The Joint Information System Committee (JISC) carried out a wide-ranging
investigation in several British post-secondary institutions. One of
the issues investigated was the success of Turnitin and other detection
agents in detecting plagiarism. The investigating team used a number
of genuine essays, and also created 11 essays from a variety
of sources, including paper mills or essay banks. Students were warned
before the project stage that their work would be used to test the services.
Turnitin performed best of the software and agencies investigated. The
JISC report gives Turnitin a five-star rating (excellent) for tracking
down cases of collusion, and four stars (good) for discovering cut-and-paste
and paper mill origins (Chester, 2000; Large, 2001).
However, respondents to the JISC survey on plagiarism believe that 74
percent of plagiarism originates from textbooks and theses, and only
24 percent from the Internet. At a conference held to discuss the various
project reports, there was strong voice for textbooks and also for print
and online journals to be included in the Turnitin database (Large, 2001).
The JISC Reports also noted areas not covered by the project:
- Detection of text converted to a foreign language and then converted
back to English
- Detection of essays converted from a foreign language
- Plagiarism of diagrams, pictures or graphs
and certain other forms of cheating (Large, 2001, p. 2).
My own research forms the third investigation, another attempt to investigate
the various plagiarism detection services. My interest grew in part from
the realization that many of the papers available on the cheat sites
themselves contained huge amounts of plagiarized material, not always
detectable using ordinary search engines. I too compiled a number of
essays from various sources. It is very easy to plagiarize; could I get
away with it? With my plagiarized essays and a number of genuine student
essays, I tested various free services, including services which normally
charge but which do offer free trial periods. All services showed wanting.
My favorite was Findsame, but this company has since collapsed and its
services are no longer available.
I found that Turnitin found no matches for material lifted from usenet
discussion groups and discussion lists; found no matches for material
lifted from online encyclopedias; and did not track down material lifted
from journals located in subscription databases. There is irony here,
for when much on the Internet is of dubious worth, many librarians encourage
students to use the periodicals databases as worthy published sources
(Valenza, 2001).

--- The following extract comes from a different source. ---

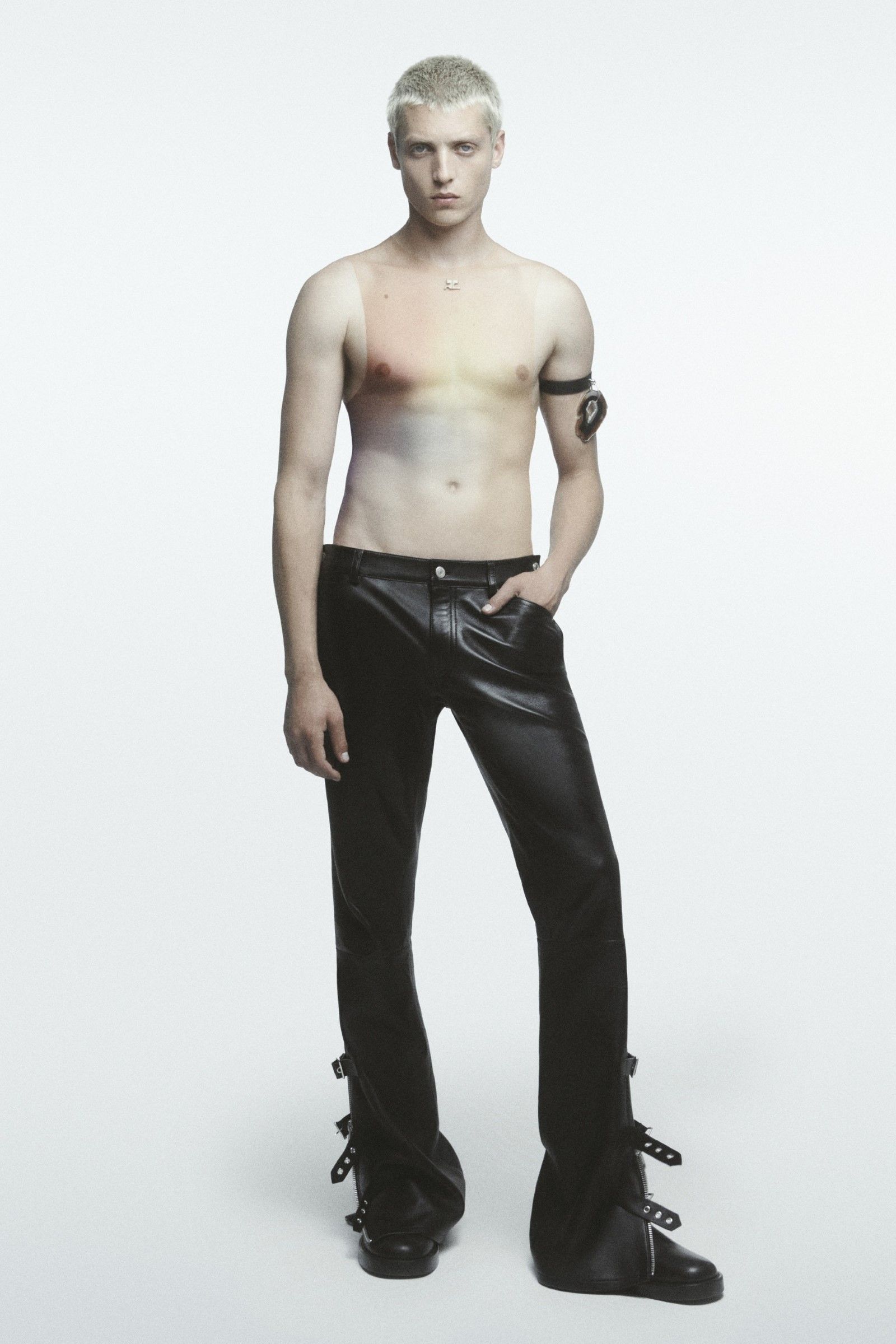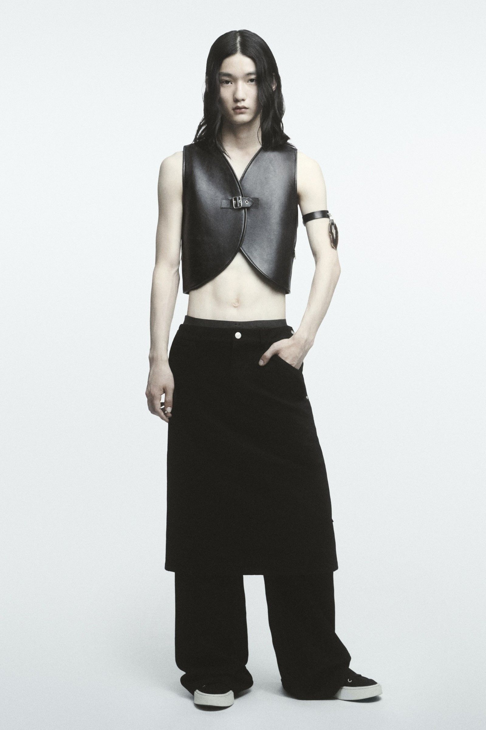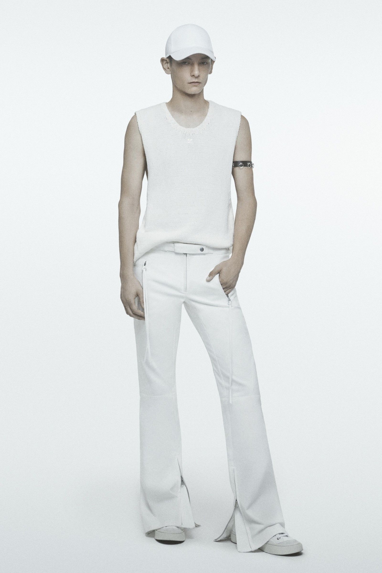 Tutte le molte caratteristiche che rendono modernissimi gli abiti vintage (e in particolar modo le giacche) e che sono ancora presenti nel nuovo Courrèges ma Di Felice le ha reinterpretate, in termini assai generali, attraverso design funzionali dalle linee terse, tessuti visivamente densi, geometrie essenziali e precise che si ritrovano nelle simmetrie e negli incastri dei diversi elementi sartoriali. Del tutto eliminati appaiono i colori sgargianti delle origini, il rosso a parte, così come i rigidi abiti in gabardine di lana anni ’70 sono diventati canotte asimmetriche, body e abiti in jersey e denim morbidi e trucker jacket dai grandi baveri. È interessante invece notare il discorso sui colori: Courrèges credeva che le donne dell’epoca fossero «arcaiche d’aspetto» e che si potessero «rendere più felici portando il bianco e i colori nelle loro vite» proprio perché i colori dominanti fino ad allora erano stati i grigi, i neri e i blu della couture classica – negli anni ’50 non si vedeva molto arancione in giro. Di Felice ha capovolto il ragionamento: essendo la nostra epoca anche troppo colorata, la sua palette è diventata più severa, rispondendo alle medesime esigenze con esiti opposti. È una proposta del tutto diversa da quella delle origini ma, allo stesso tempo, ne pare una prosecuzione ideale.

Yet these worthy sources are less likely to be detected
and a guilty student can escape detection. Nor did Turnitin work well
with transformations and paraphrases. In the Piper High School case,
one parent reportedly said her daughter is not sure now how much
she needs to rewrite research material before she can use it (Carroll,
2002, para.16). Rewriting is not the issue; a piece of work authored
by someone else but rewritten in ones own words still needs a citation
to the author whose thoughts, if not words, are being used.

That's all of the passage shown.